> GOAL OF THE EXERCISE: With the pictures left out, write out exactly the lines of the listing below that run from the line with "Mânerul Malaga cu" through the line with "Легкая летне-весенняя куртка".

> SUPPLIED ENTRIES:
---

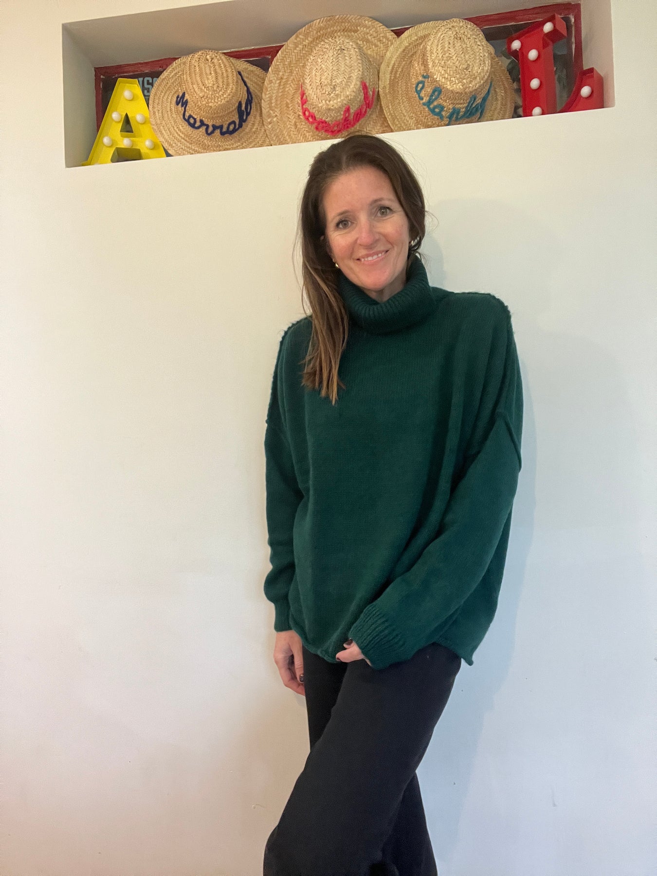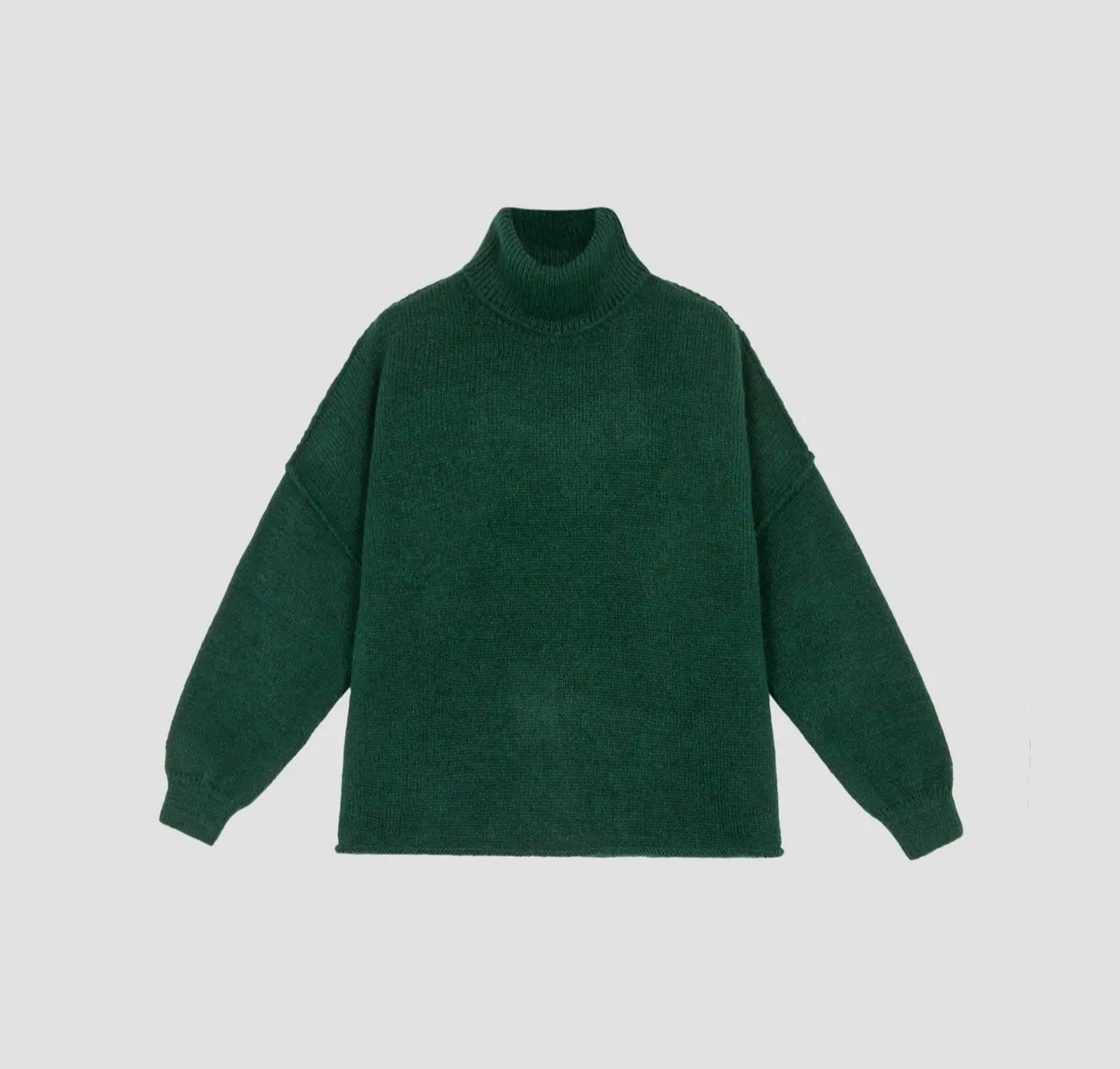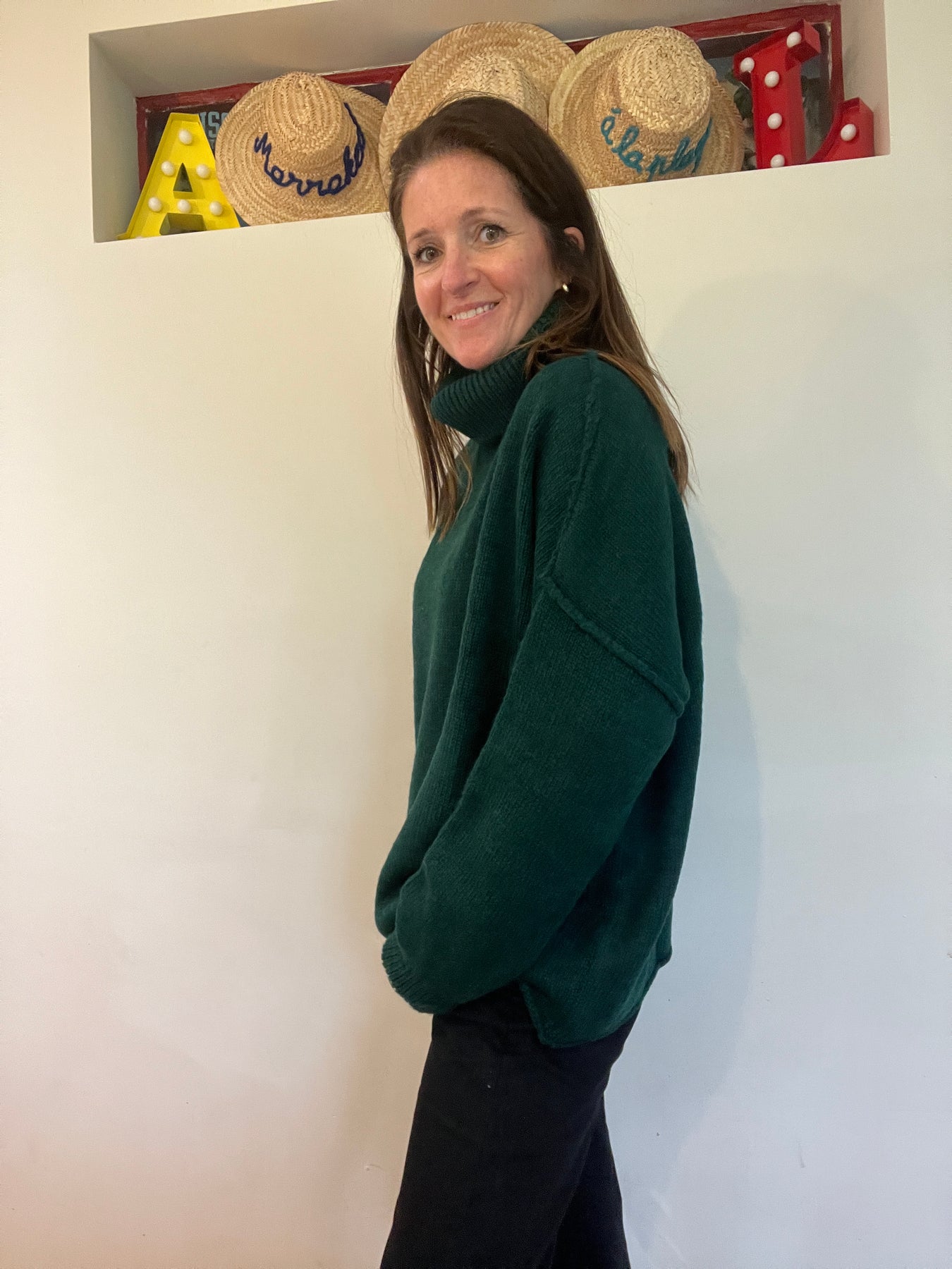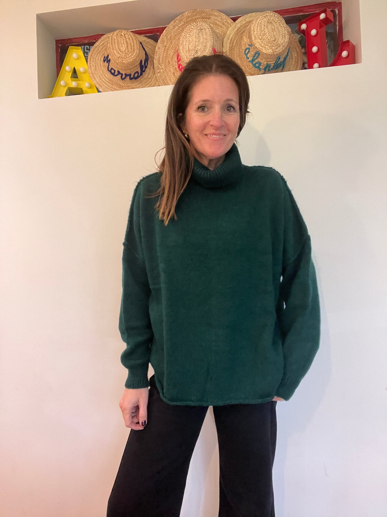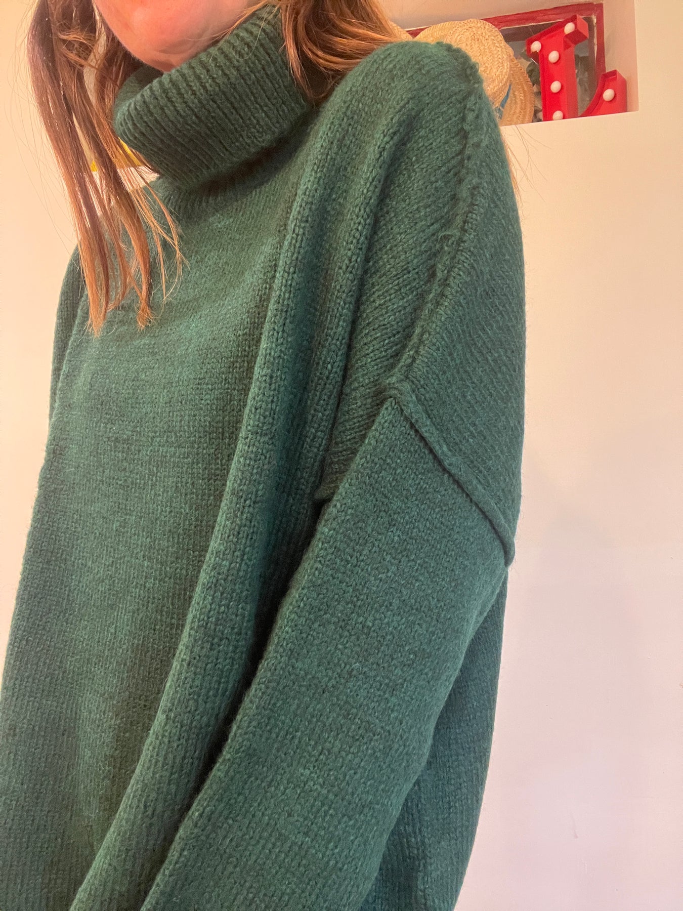 Lejoko Chunky Roll Neck Bottle Green Jumper
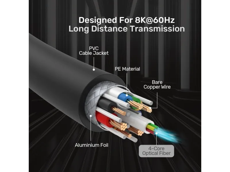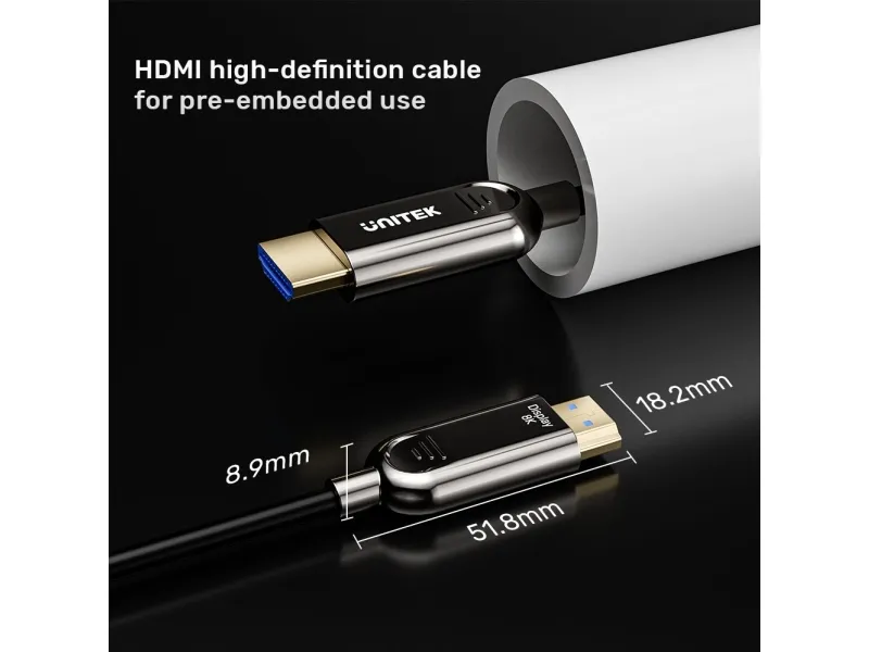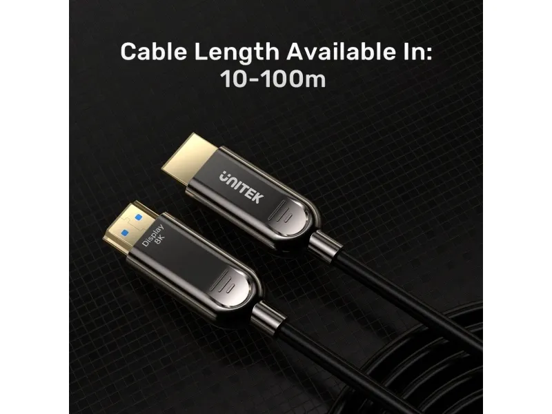 Experience connectivity with the Unitek HDMI cable designed for performance. This fiber optic cable features a slim design with a 4.6 mm outer diameter, making it flexible and easy to manage in tight spaces. Enjoy clarity with 8K60Hz support and a transmission rate of up to 48 Gbps, ensuring stunning visuals and immersive audio for your home entertainment setup. Equipped with technology features including Variable Refresh Rate (VRR), Quick Media Switching (QMS), and Enhanced Audio Return Channel (eARC), this HDMI cable supports seamless switching between media while maintaining audio quality. With 32 audio channels and support for Dynamic HDR and colorimetry BT.2020, the Unitek HDMI cable is compliant with HDCP 2.2 and 2.3 standards, delivering performance for all your high-definition content.
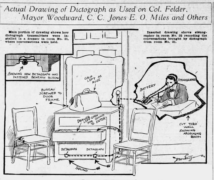 That Mayor James G. Woodward was dictographed by the city detectives on Wednesday afternoon, shortly after Colonel Thomas B. Felder had concluded his interview in Room 31 of Williams House No. 2, 34-36 North Forsyth street, was made public Saturday morning by Chief of Detectives N. A. Lanford.
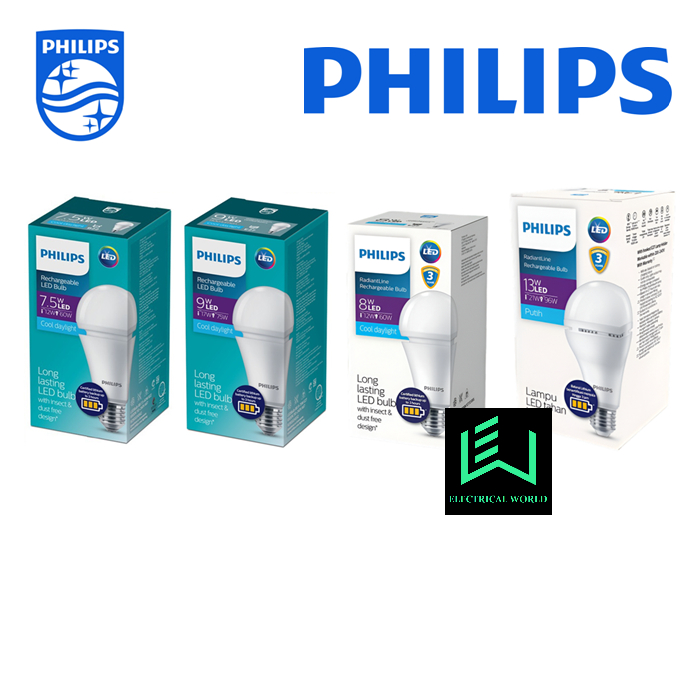 Lampu Emergency LED Bulb Rechargeable Philips Led 7.5W 9W Radiantline 8W 13W 7.5 9 8 13 W Watt Putih
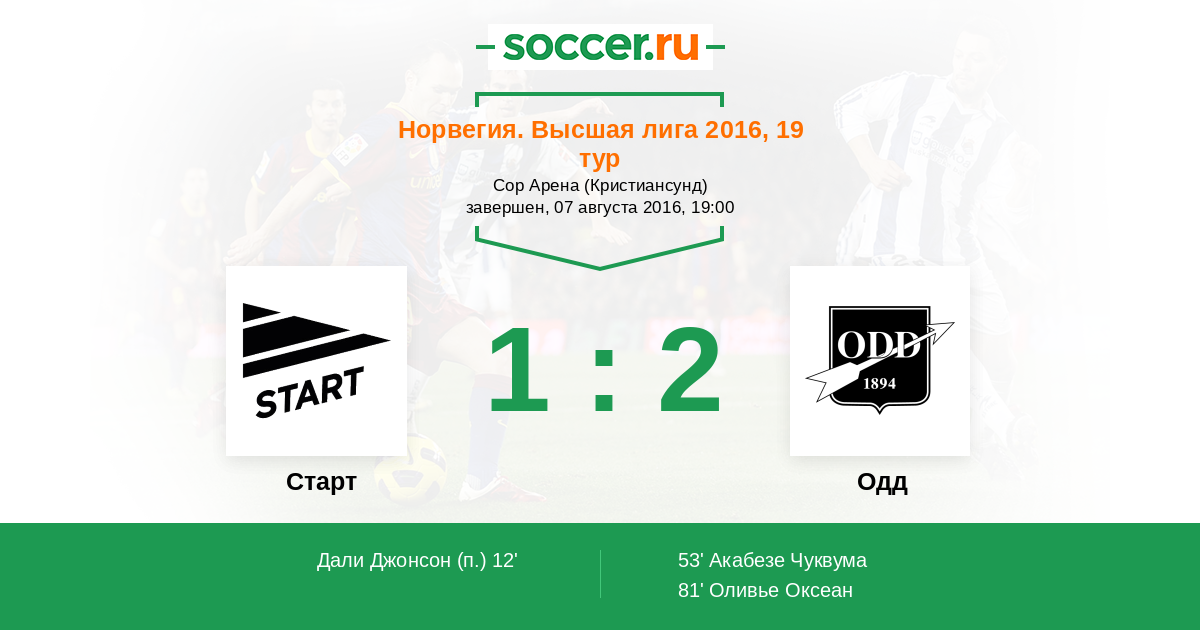 Протокол матча Старт против Одд
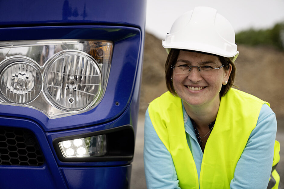 Die 42-jährige selbst fahrende Unternehmerin hat bereits seit gut einem Jahr einen der ersten neuen Arocs, die im Mercedes-Benz Werk Wörth vom Band gelaufen sind, im Einsatz. Es handelt sich um eine Zugmaschine, die im Alltag einen Kippsattelauflieger zieht. „Das Fahrzeug ist primär auf der Straße unterwegs, muss aber auch schwieriges oder rutschiges Gelände auf Baustellen meistern“, erläutert Trabert, Junior-Chefin im familieneigenen Fuhr- und Baggerbetrieb ihrer Mutter Luzia Knackert aus Vacha in Thüringen. „Aus diesem Grund haben wir den Arocs mit MirrorCam, neuem Predictive Powertrain Control (PPC) und HAD bestellt.“
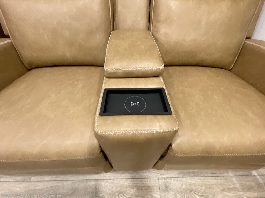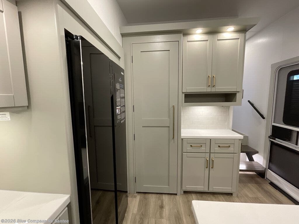 This Model Z luxury fifth wheel is bright and modern on the inside, with loads of amenities that will have you dreaming of your next trip! Enter and find a spacious combined living/kitchen space thanks to dual opposing slides. There is ample seating with a sliding desk/dining table, 62" theater seating, and a 72" tri-fold sofa along the rear wall. You can easily relax and enjoy the 50" Smart telescoping TV with a cozy fireplace below. The kitchen offers all that you need to prepare and cook meals just like home with a 16 cu. ft. refrigerator for your perishables, a 30" microwave oven, and three burner range top and oven. You will love the integrated spice rack, and the kitchen island all outfitted with dog bowls and double pull out trash bins with an integrated Stow 'N Go paper towel holder. There is also an 84" pantry with adjustable shelves for all of your canned and dry goods. Head up the steps to a private master suite with king bed slide. You can opt for the queen bed if you like. A sliding dresser top features hidden storage which is perfect for jewelry and other personal belongings. The front wardrobe features mirrored doors and the corner closet has been prepped for a stackable washer and dryer if you choose to add that option. Relax and enjoy a large bath featuring a linen cabinet, a 30" x 42" shower, and vanity with sink, plus medicine cabinet.
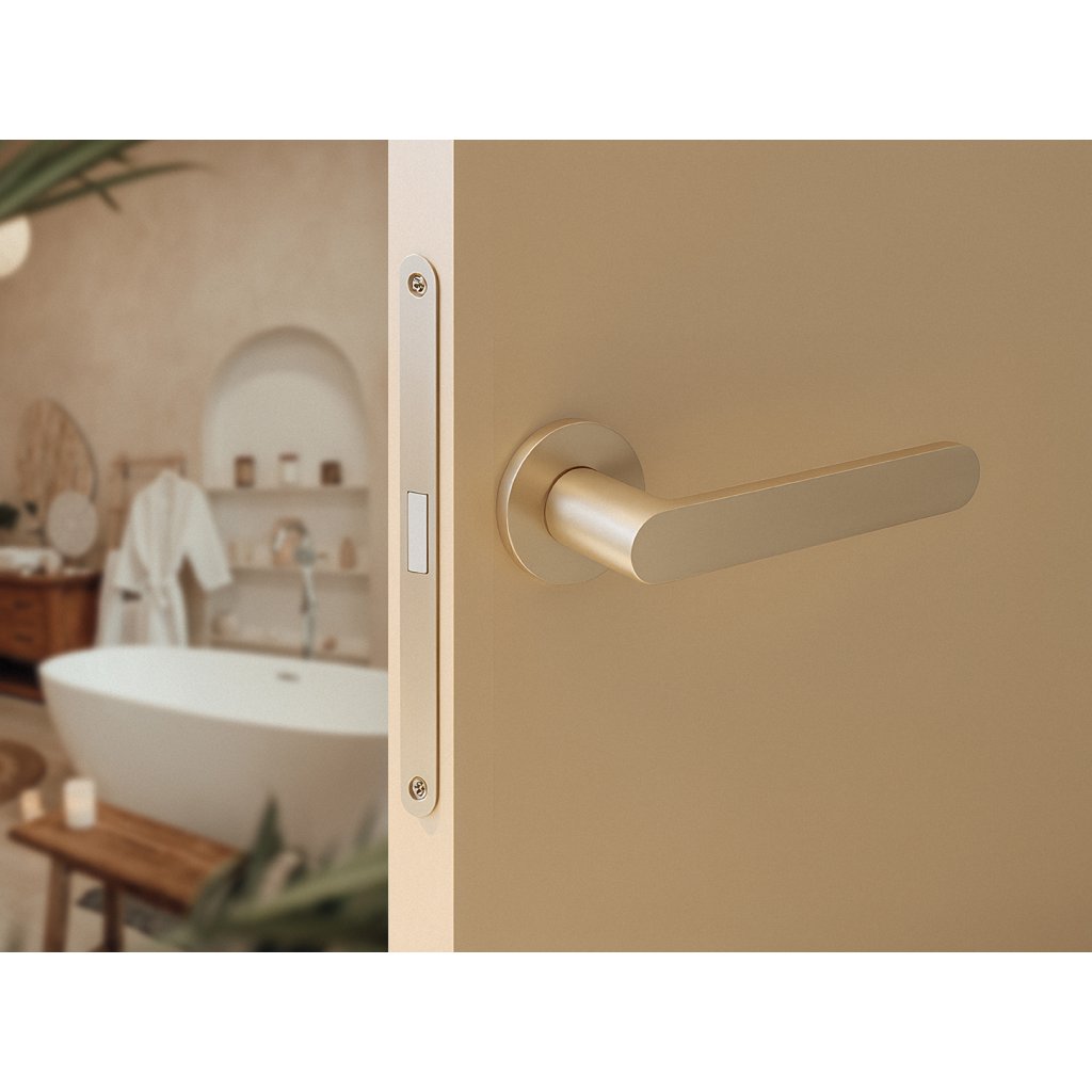 Mânerul Malaga cu finisaj auriu periat este sinonim cu eleganța și modernitatea, o completare perfectă pentru orice interior sofisticat. Designul său ergonomic oferă nu doar confort, ci și ușurință în utilizare la cel mai înalt nivel. Datorită utilizării unei rozete subțiri, mânerul arată extrem de modern și adaugă un accent elegant subtil, dar distinctiv, camerei. Finisajul auriu periat nu numai că conferă mânerului o notă exclusivă, dar îi conferă și o senzație de moale, care sporește senzația de confort în utilizarea de zi cu zi. Mânerul Malaga nu este doar un dispozitiv funcțional, ci și o decorațiune distinctivă ce subliniază caracterul modern al interiorului. Datorită designului și finisajului său unic, fiecare cameră câștigă eleganță și rafinament.
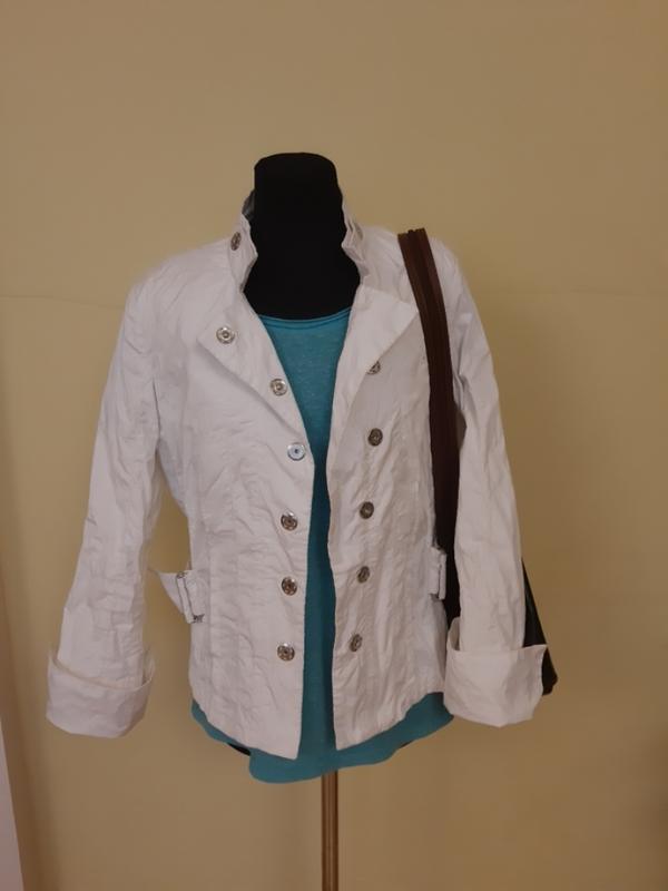 Легкая летне-весенняя куртка ветровка пиджак от немецкого люксового бренда Air Field.Цвет белый материал фактурный.Воротник стойкана кнопках+ декоративные кнопки на косой застежке .сбоку регулировка пояса пряжками..Раз.36-38 Замеры ПОГ 46 ПОТ 44-45 ПОБ 48 Длина 57 Рукав от горловины 65 8 манжет По плечам 38 см
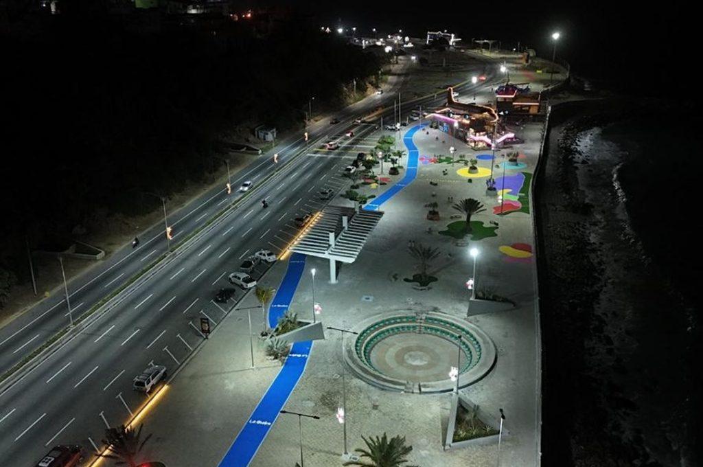 «Se realizó la sustitución de 600 metros lineales de baranda costera, el reemplazo total del sistema de alumbrado público, con 274 luminarias nuevas y más de 60 postes de 12 metros de altura, y la recuperación de la fuente principal de tipo arcoíris», informó el Gobernador del estado La Guaira.

---

> OUTPUT OF THE EXERCISE:
 Mânerul Malaga cu finisaj auriu periat este sinonim cu eleganța și modernitatea, o completare perfectă pentru orice interior sofisticat. Designul său ergonomic oferă nu doar confort, ci și ușurință în utilizare la cel mai înalt nivel. Datorită utilizării unei rozete subțiri, mânerul arată extrem de modern și adaugă un accent elegant subtil, dar distinctiv, camerei. Finisajul auriu periat nu numai că conferă mânerului o notă exclusivă, dar îi conferă și o senzație de moale, care sporește senzația de confort în utilizarea de zi cu zi. Mânerul Malaga nu este doar un dispozitiv funcțional, ci și o decorațiune distinctivă ce subliniază caracterul modern al interiorului. Datorită designului și finisajului său unic, fiecare cameră câștigă eleganță și rafinament.
 Легкая летне-весенняя куртка ветровка пиджак от немецкого люксового бренда Air Field.Цвет белый материал фактурный.Воротник стойкана кнопках+ декоративные кнопки на косой застежке .сбоку регулировка пояса пряжками..Раз.36-38 Замеры ПОГ 46 ПОТ 44-45 ПОБ 48 Длина 57 Рукав от горловины 65 8 манжет По плечам 38 см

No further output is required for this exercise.